*** Opening of Material supplied ***

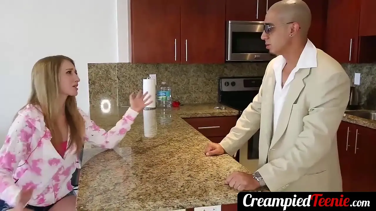 Young blonde babe Riley Reynolds takes a massive cock deep in her throat and rides it hard in cowgirl. He pounds her hard from behind in doggystyle and cums all over her pretty face. She receives creampied and takes the cash for her hot service.
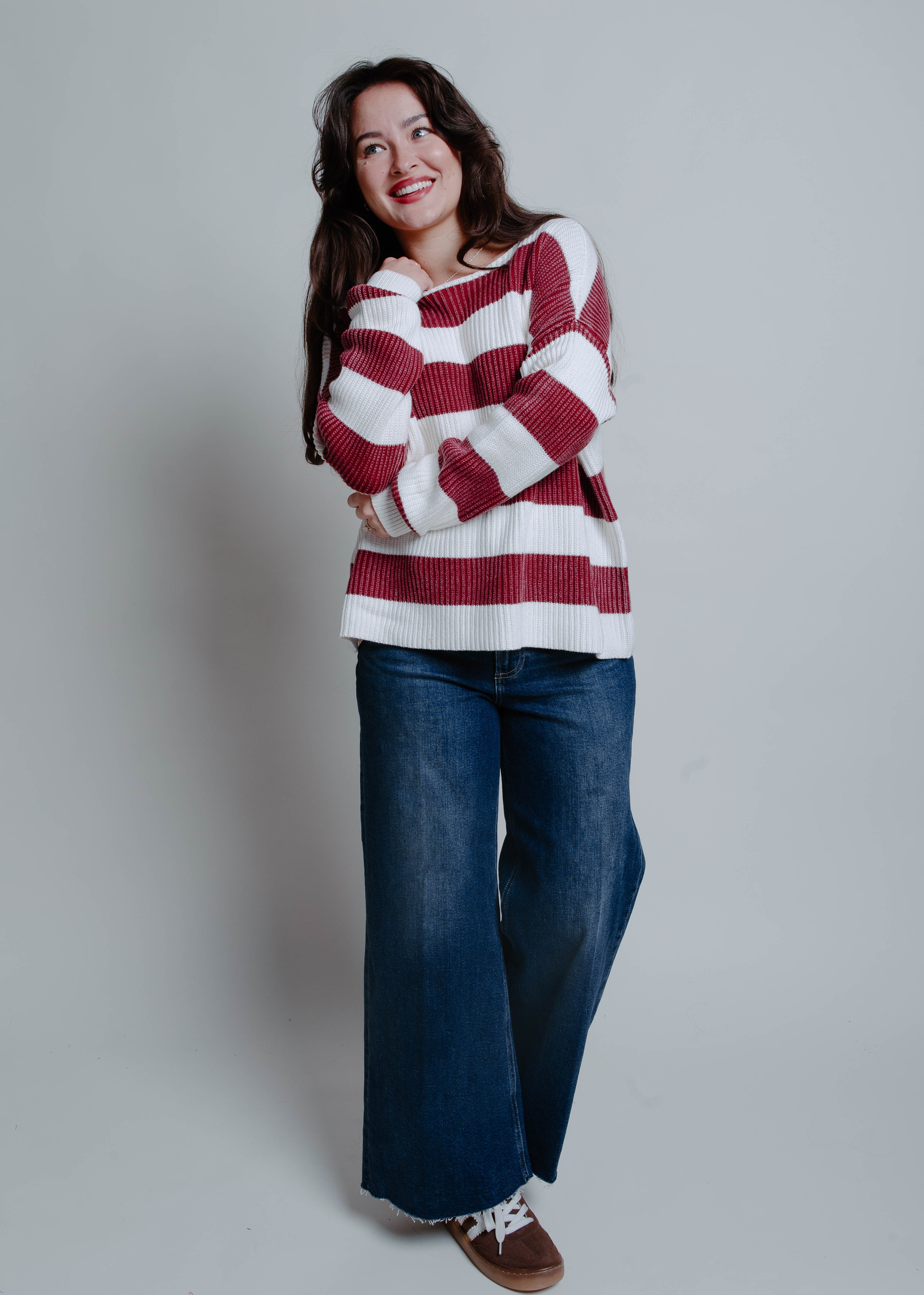 After Hours Striped Sweater - Wine
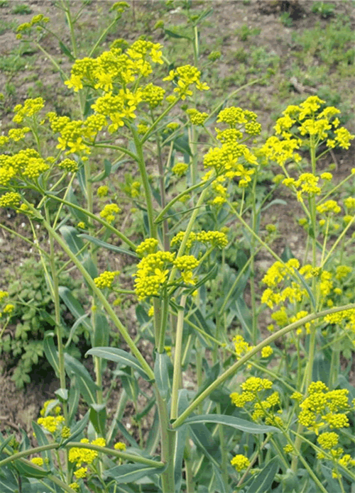 二年生草本植物,整株形态类似“油菜花”,茎直立,上部多分枝,稍带粉霜。叶矩圆状椭圆形,有柄,或半抱茎。花黄色,果实为短角果,矩圆形,扁平,边缘有翅。
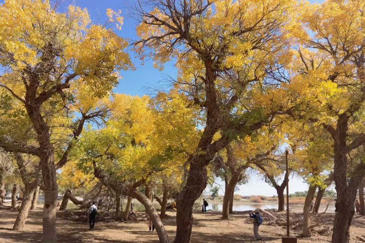 早起,酒店用早餐后,乘车前往金塔,大约60KM,需1小时车程。亮点:金塔胡杨林(含区间车20元/人,游览约2小时)粗壮、沧桑的主干掩映在金碧辉煌的枝叶之中,满目的赤橙黄绿与盈盈秋水互相映衬,烘托出一幅“碧云天、黄叶地、秋色连波、波上寒烟翠”的美妙画卷。金塔沙漠胡杨林景区,是位于古丝绸之路中段北侧、甘肃省金塔县城西北8公里处,由胡杨林-金波湖核心游览区、沙枣林观光区、瀚海红柳林保育区、沙漠娱乐体验区和沙漠芦苇迷宫区五个功能区组成,占地面积达8万余亩,景区内分布着西北地区最大的"化石级植物"万亩胡杨林,极具观赏价值。
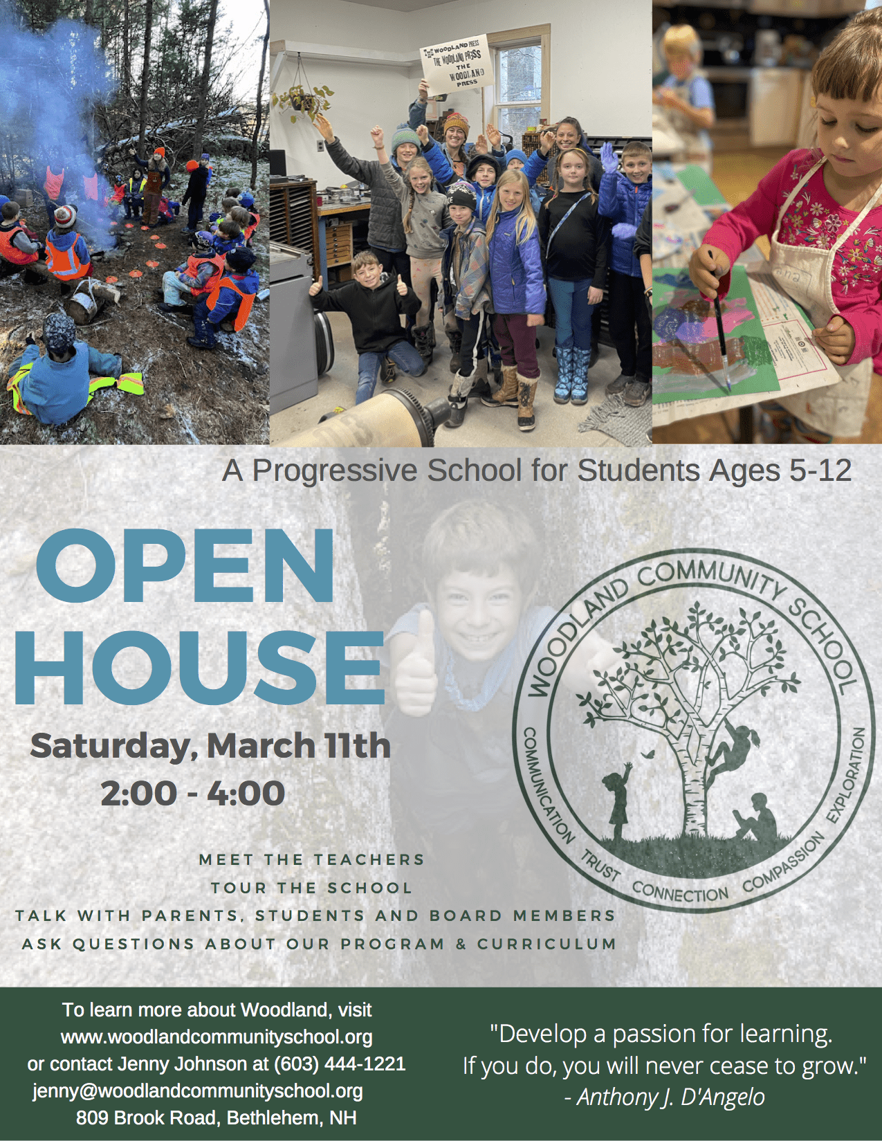 If you are curious about progressive education, project based learning, enrollment for the 2023-2024 school year, or volunteer opportunities at Woodland, this event is for you!
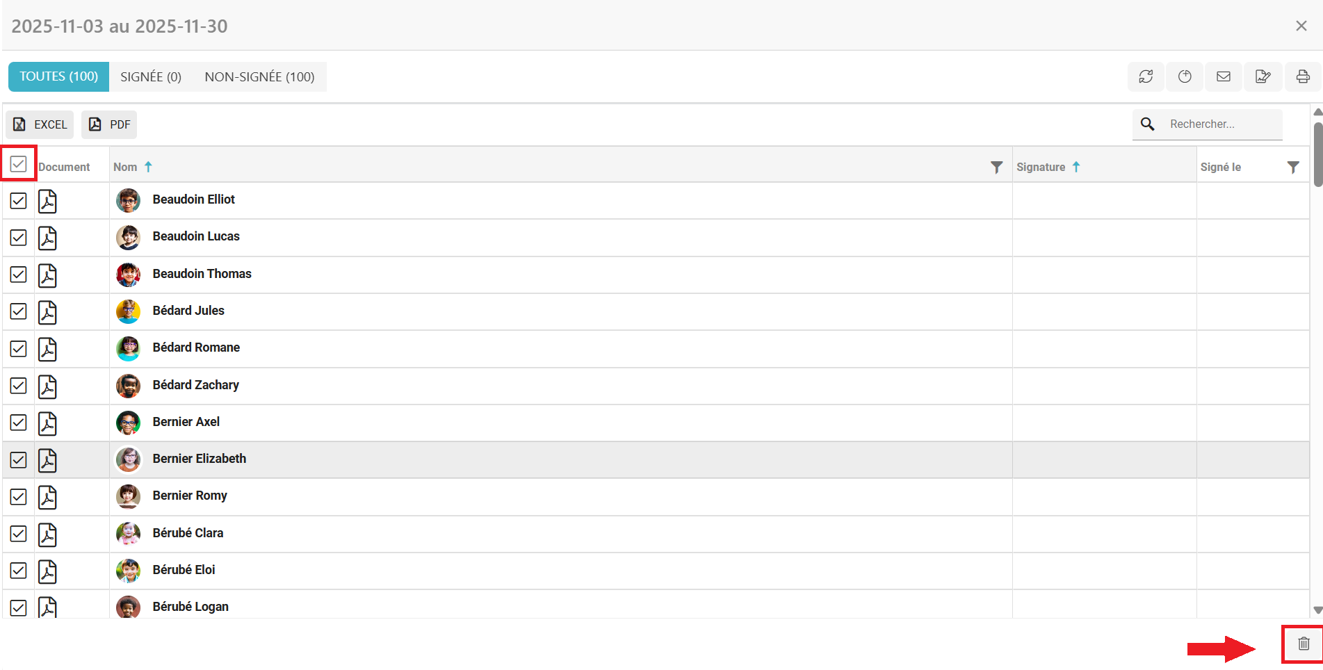 2- Sélectionner la période de fiche d'assiduité que vous voulez supprimer;3- Cliquer sur l'icône de la petite poubelle situé dans le coin inférieur droit
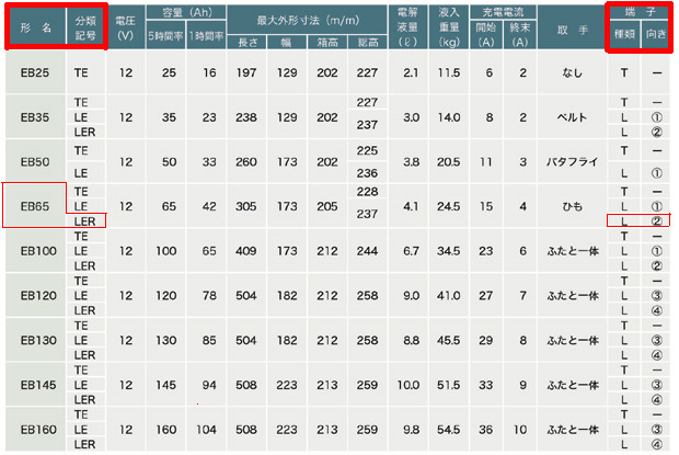 | GSユアサ サイクルバッテリー【Grand Star】シリーズは、EB25?EB160の9種類の容量、 【L型端子(内向き・外向き)】・【テーパー端子】の選択で26品番をラインナップ! |
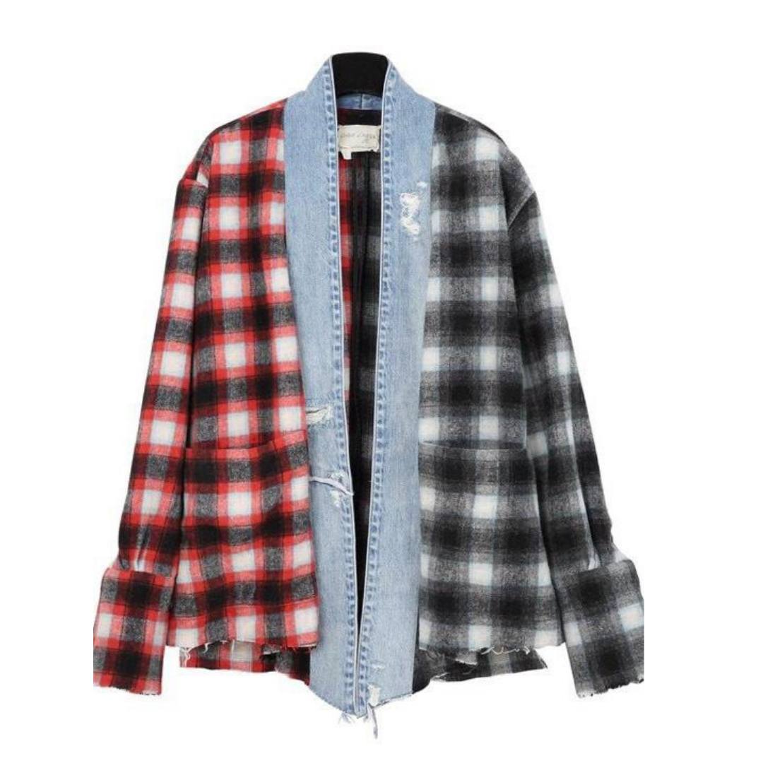 An unique and classic jacket made by Greg Lauren. A combination makes the jacket of cotton and wool. The majority portion of the jacket is in black and red, but it is still considered to be a multi-colored jacket. The middle part of the jacket is in classic jeans color with a ripped off jeans texture as well.
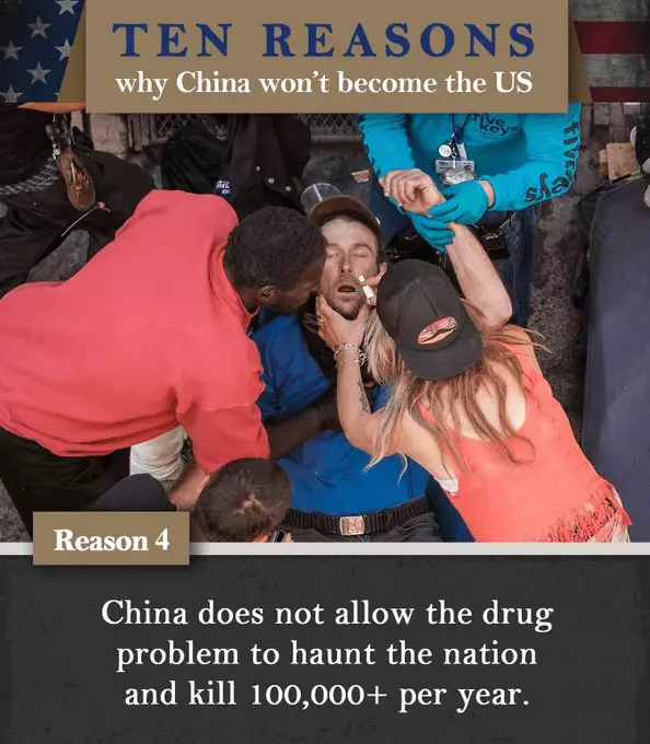 原因四:中國不允許毒品問題困擾國家並每年導致10萬以上的人死亡。
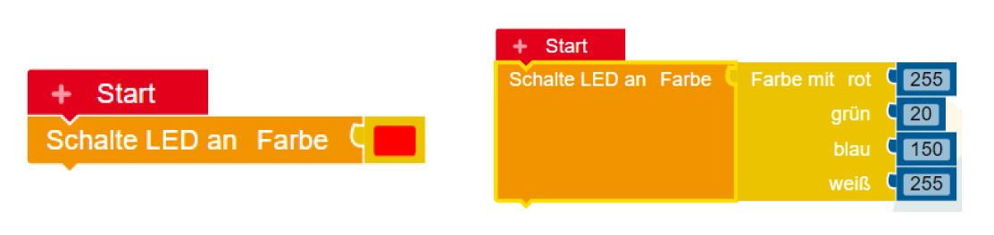Mithilfe der rechten Methode können viel mehr Farben ausgewählt werden als links. Um zu verstehen, wie man durch die Angabe von den drei Zahlen eine Farbe auswählt, müssen wir uns die Farb-LED etwas genauer anschauen. Mögliche Werte für den Rot-, Grün- und Blauanteil der Farbe sind im Bereich von 0 bis 255. Schaue dir hier die Erklärung an und probiere auf der Seite die Regler für die Farben Rot, Grün und Blau ein wenig aus. Probiere nun auch die entsprechenden Werte mit dem Block oben rechts auf deinem Calliope aus. (Der Wert für weiß ist für uns egal und bleibt immer auf 255.) (Zusatz: Kannst du auch verschiedene Grautöne erzeugen?)
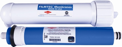 - Màng lọc RO được cấu tạo từ tấm màng mỏng bằng chất liệu đặc biệt (TFC – Thin Film Composite), được gắn chặt và cuộn lại với nhau thành một cấu hình dạng xoắn ốc. Trên bề mặt màng gồm các lỗ nhỏ có kích thước khoảng 0.1 – 0.5 nanomet (to hơn chỉ vài ba phân tử H2O), vì thế chỉ cho các phân tử nước đi qua cho nguồn nước đầu ra hoàn toàn tinh khiết. (hình ảnh cắt lớp của RO)
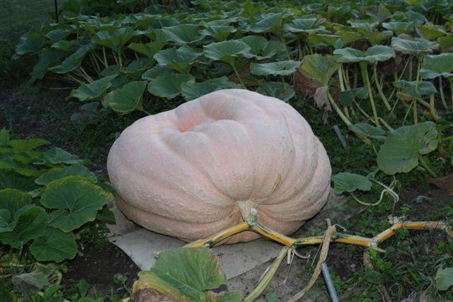 This pumpkin had an indent from the start. The indent got deeper as she grew bigger. The plant is from 1423Wallace07(M)x1149Pukos07(F)
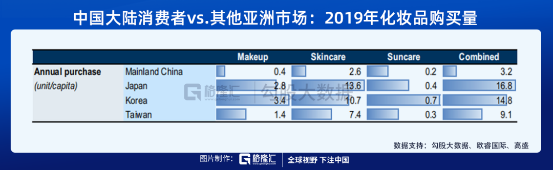 所謂市場發展潛力大,也就是天花板高,人均化妝品消費水平的上升空間大。歐睿國際數據顯示,2019年我國消費者人均購買3件化妝品。對比之下,日韓消費者人均購買15~17件化妝品。再從價格上來看,數據顯示,2017年中國化妝品人均消費額約為39美元,而同期,美國、日本、韓國的化妝品人均消費額卻分別高達240美元、292美元和220美元。

*** Close of Material supplied ***

### [What to do]
Repeat, without pictures, exactly the lines of the data above from the one containing "二年生草本植物,整株形态类似" through the one containing "原因四:中國不允許毒品問題困擾國家並每年導致10萬以上的人死亡。", including both and adding nothing.

### [Response box]
 二年生草本植物,整株形态类似“油菜花”,茎直立,上部多分枝,稍带粉霜。叶矩圆状椭圆形,有柄,或半抱茎。花黄色,果实为短角果,矩圆形,扁平,边缘有翅。
 早起,酒店用早餐后,乘车前往金塔,大约60KM,需1小时车程。亮点:金塔胡杨林(含区间车20元/人,游览约2小时)粗壮、沧桑的主干掩映在金碧辉煌的枝叶之中,满目的赤橙黄绿与盈盈秋水互相映衬,烘托出一幅“碧云天、黄叶地、秋色连波、波上寒烟翠”的美妙画卷。金塔沙漠胡杨林景区,是位于古丝绸之路中段北侧、甘肃省金塔县城西北8公里处,由胡杨林-金波湖核心游览区、沙枣林观光区、瀚海红柳林保育区、沙漠娱乐体验区和沙漠芦苇迷宫区五个功能区组成,占地面积达8万余亩,景区内分布着西北地区最大的"化石级植物"万亩胡杨林,极具观赏价值。
 If you are curious about progressive education, project based learning, enrollment for the 2023-2024 school year, or volunteer opportunities at Woodland, this event is for you!
 2- Sélectionner la période de fiche d'assiduité que vous voulez supprimer;3- Cliquer sur l'icône de la petite poubelle situé dans le coin inférieur droit
 | GSユアサ サイクルバッテリー【Grand Star】シリーズは、EB25?EB160の9種類の容量、 【L型端子(内向き・外向き)】・【テーパー端子】の選択で26品番をラインナップ! |
 An unique and classic jacket made by Greg Lauren. A combination makes the jacket of cotton and wool. The majority portion of the jacket is in black and red, but it is still considered to be a multi-colored jacket. The middle part of the jacket is in classic jeans color with a ripped off jeans texture as well.
 原因四:中國不允許毒品問題困擾國家並每年導致10萬以上的人死亡。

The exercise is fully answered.